BEGIN Given records

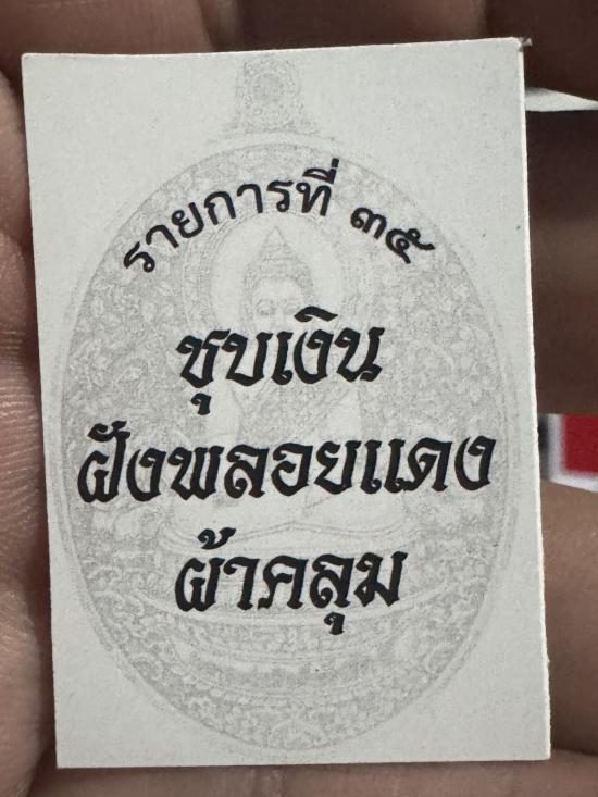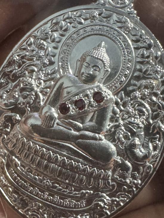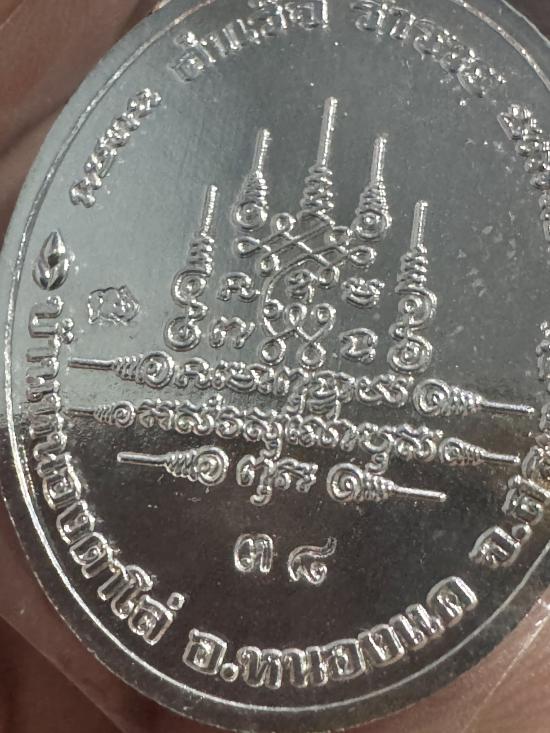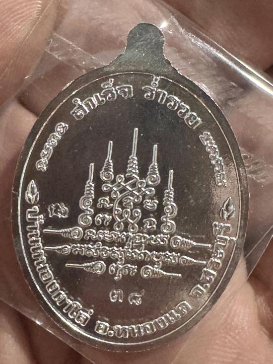 เหรียญหลวงพ่อสำเร็จ ศักดิ์สิทธิ์ บ้านหนองตาโล่ สระบุรี เหรียญชุบเงินฝังพลอยแดงผ้าคลุม ตอกโค๊ต ตอกหมายเลข 38 |
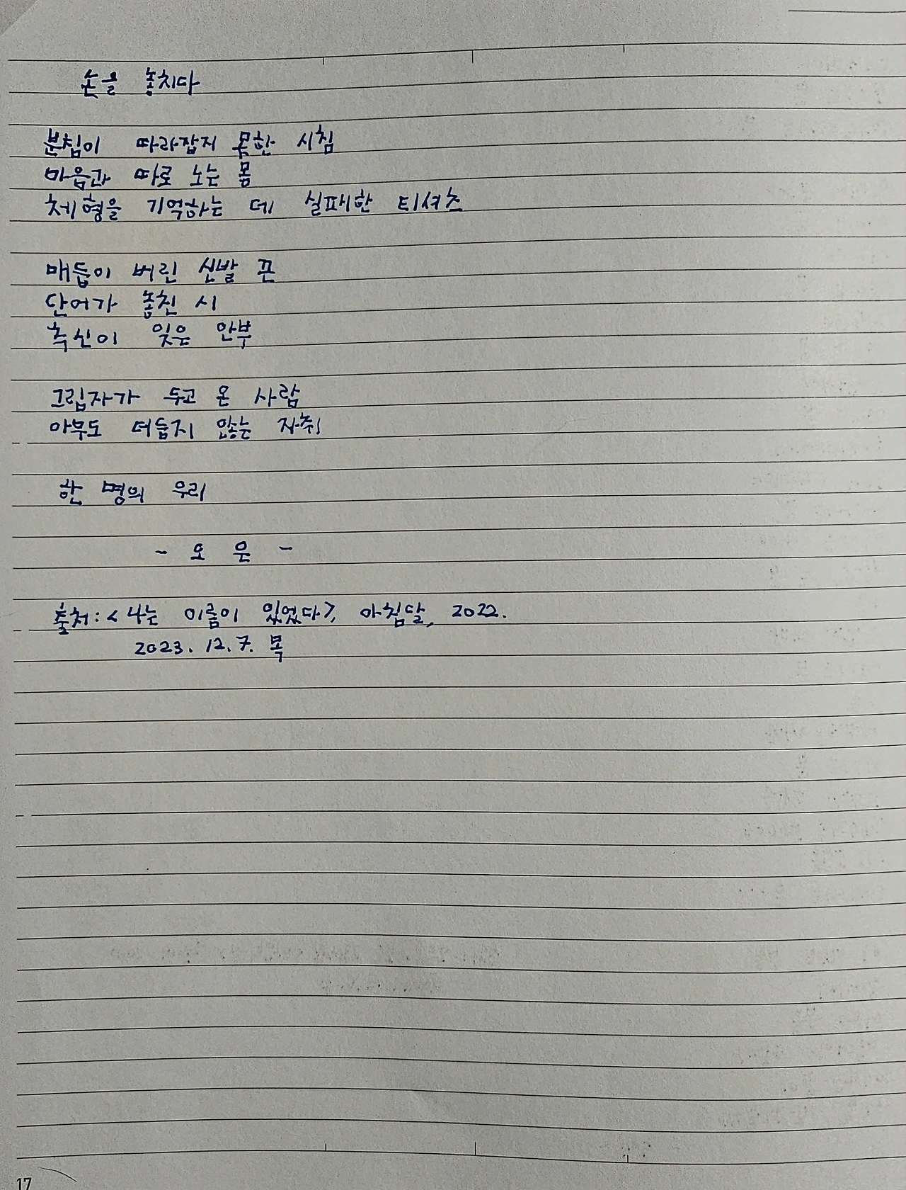 오은 <나는 이름이 있었다>, 아침달, 2022
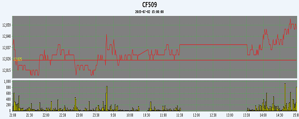 7月2日,隔夜鄭棉盤升橫向震蕩,今日早盤區(qū)間盤整,尾盤收高,日線形成星線,日內(nèi)成交量萎縮,持倉量增加?;久媲闆r:南疆阿克蘇、庫爾勒等地的棉花加工企業(yè)分析,7-9月份棉花現(xiàn)貨市場的走向非常關(guān)鍵,14200元/噸的國儲棉 競拍底價是否調(diào)整將決定2015/16年度籽棉的上市收購價格,棉花企業(yè)同棉農(nóng)、種植單位間的搏奕或比往年更 趨激烈。農(nóng)民惜售,皮棉收購、加工、銷售期拉長,棉花企業(yè)的風(fēng)險將很突出。部分疆內(nèi)棉商表示,輪儲時 間不足兩個月,下調(diào)輪出底價、國儲棉“押綁”棉花進(jìn)口配額和國儲棉外棉按一定比例搭配國產(chǎn)棉的可能性 都不大,國家以試探為主,并不以跑量為目的。
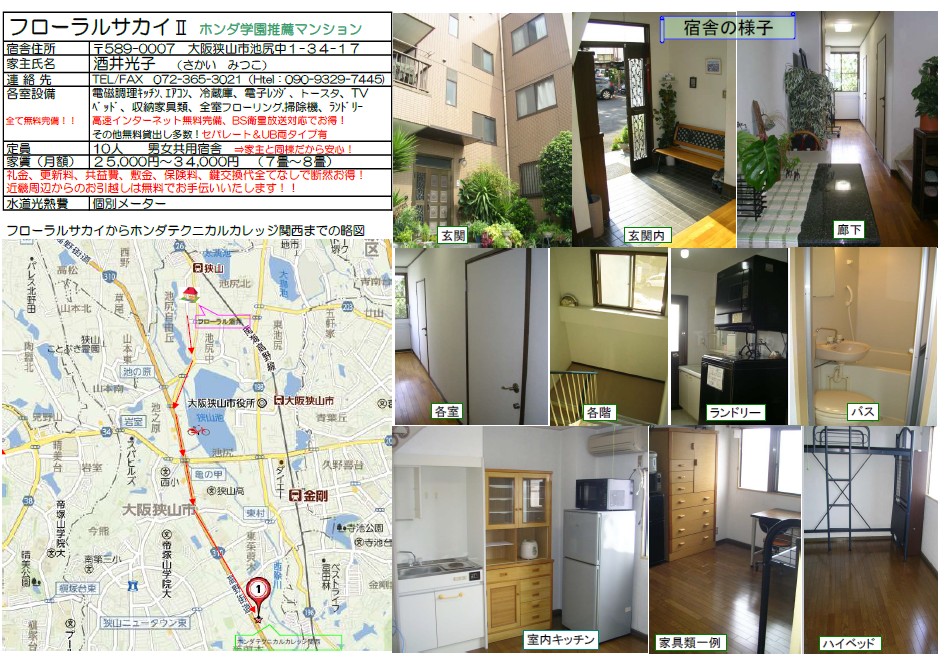 ホンダテクニカルカレッジ関西への進学にあたり、ひとり暮らしが必要な方にピッタリな新着の物件情報です。学園の最寄り駅:金剛駅から2駅(なんば方面)の狭山駅に近いマンションのご紹介です。物件は、家具・家電付き、高速インターネット無料。家賃は25,000 ~36,000円と非常にリーズナブルな物件です。大家さんも住んでいるから安心できますよ!詳しは下記の画像をクリックください。
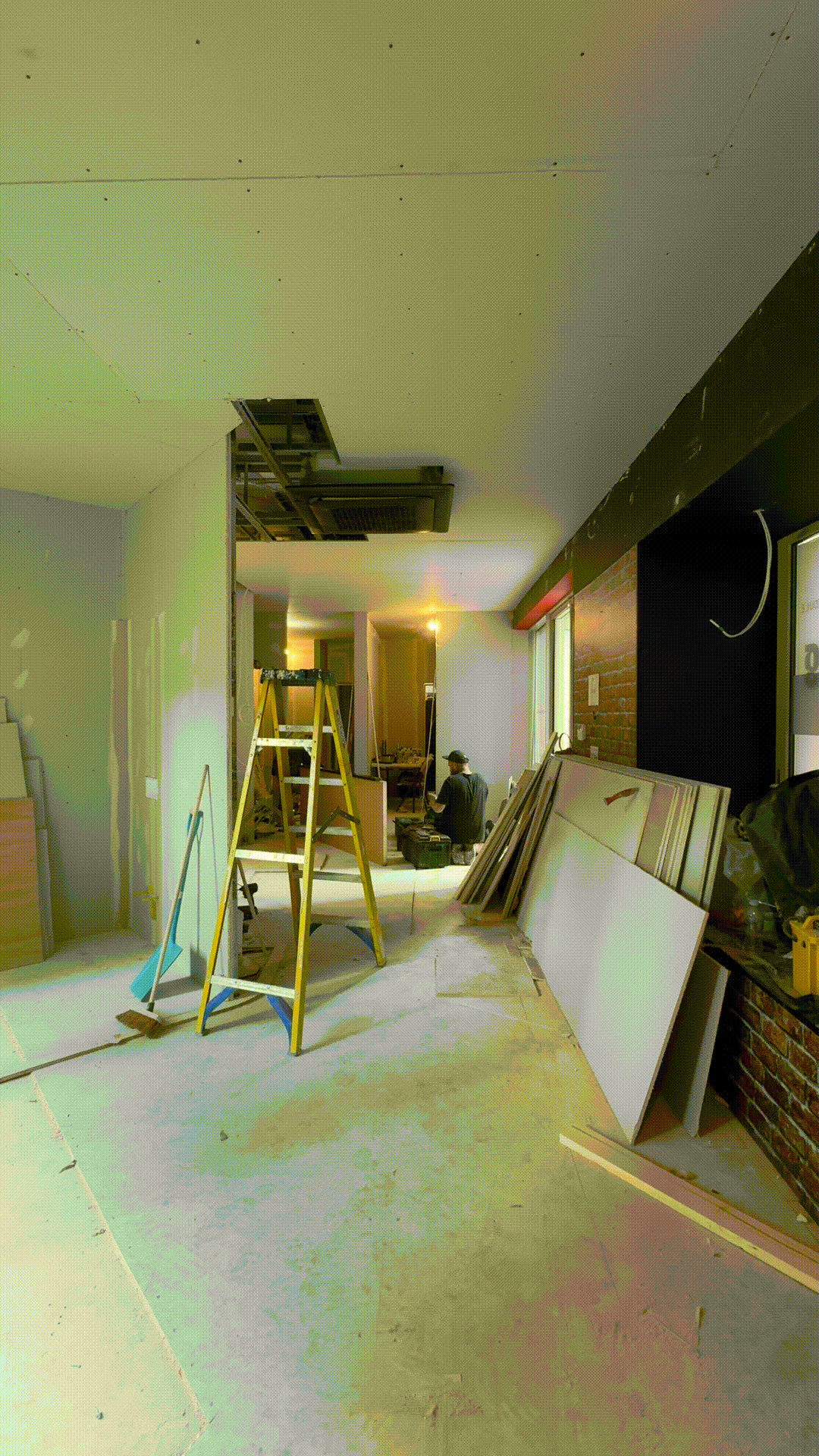 The procedure area features a suspended acoustic ceiling, while the rest of the rooms have plasterboard ceilings.
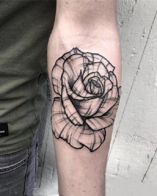 黑灰色玫瑰花和骷髅头纹身图片手稿
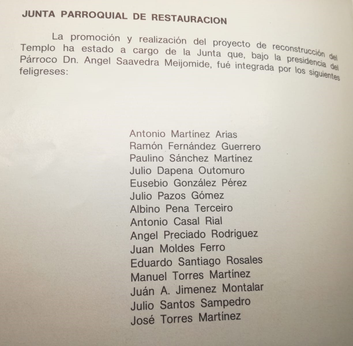 En el transcurso de la ceremonia celebrada en el Nuevo Templo, se dio a conocer la lista de miembros de la comisión denominada “Junta Parroquial de Restauración del Templo” así como las cuentas de ingresos, la mayoría por suscripción popular, y detalle de los gastos de las obras.
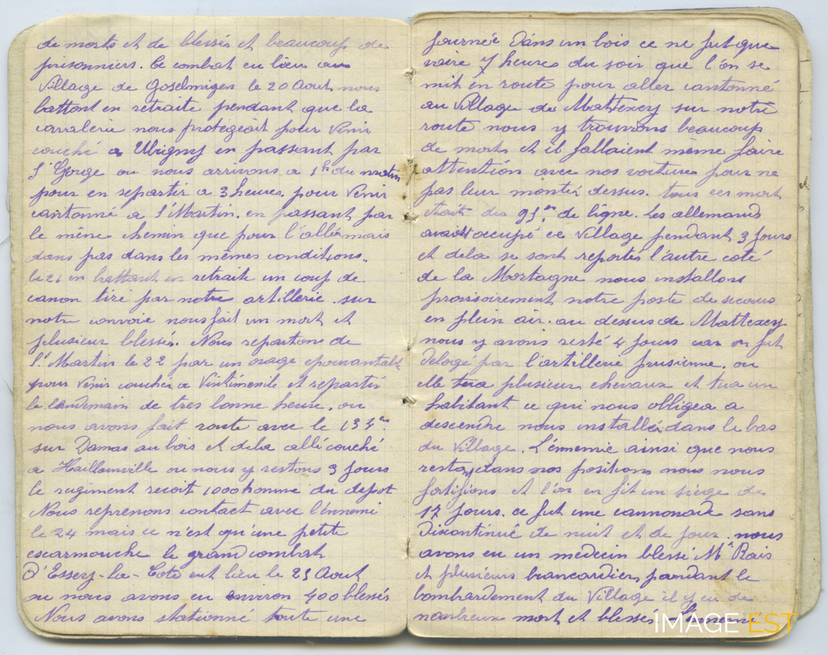 Page d'un journal intitulé « Mémoires de la campagne 1914 - Baron Émile, conducteur voiture médicale 56e infanterie Classe 1902 » composé par Émile Baron (1882-1938), né à Saint-Léger-sur Dheune (Saône-Loire). Le combat s'est déroulé à Gosselming (Moselle), il y a beaucoupd de morts, blessés et prisonniers ; sous la protection de la cavalerie, le régiment se replie, couche à Ibigny (Moselle) en passant par Saint-Georges (Moselle) avant de repartir pour Saint-Martin (Meurthe-et-Moselle). Même chemin qu'à l'aller mais dans des conditions plus dangereuses. Erreur de tir de leur artillerie un mort et des blessés. Le 22 septembre, départ de Saint-Martin (Meurthe-et-Moselle) pour Vioménil (Vosges) sous un orage ; accompagné du 134e régiment, route vers Damas-aux-Bois (Vosges) puis Haillainville (Vosges) où il reste trois jours, il y a un renfort de 1000 hommes, petite escarmouche le 24 septembre mais le 25 un grand combat à Essey-la-Côte (Meurthe-et-Moselle), il y a 400 blessés. Il reste dans un petit bois toute la journée avant de se rendre à Mattexey (Meurthe-et-Moselle), il doit faire attention de ne pas écraser les nombreux morts du 95e qui jonchent la route ; ce village a été occupé par les allemands,qui sont repassés de l'autre côté de la Mortagne, leur artillerie fait feu jour et nuit pendant un siège de dix-sept jours, beaucoupd de morts et de blessés dont le médecin M. Rais et des brancardiers.

END Given records

• _Work to complete_
Using the data above, retype exactly and only the lines from the one containing "ホンダテクニカルカレッジ関西" up to and including the one containing "En el transcurso", with no pictures carried over.

• _Response to this task_
 ホンダテクニカルカレッジ関西への進学にあたり、ひとり暮らしが必要な方にピッタリな新着の物件情報です。学園の最寄り駅:金剛駅から2駅(なんば方面)の狭山駅に近いマンションのご紹介です。物件は、家具・家電付き、高速インターネット無料。家賃は25,000 ~36,000円と非常にリーズナブルな物件です。大家さんも住んでいるから安心できますよ!詳しは下記の画像をクリックください。
 The procedure area features a suspended acoustic ceiling, while the rest of the rooms have plasterboard ceilings.
 黑灰色玫瑰花和骷髅头纹身图片手稿
 En el transcurso de la ceremonia celebrada en el Nuevo Templo, se dio a conocer la lista de miembros de la comisión denominada “Junta Parroquial de Restauración del Templo” así como las cuentas de ingresos, la mayoría por suscripción popular, y detalle de los gastos de las obras.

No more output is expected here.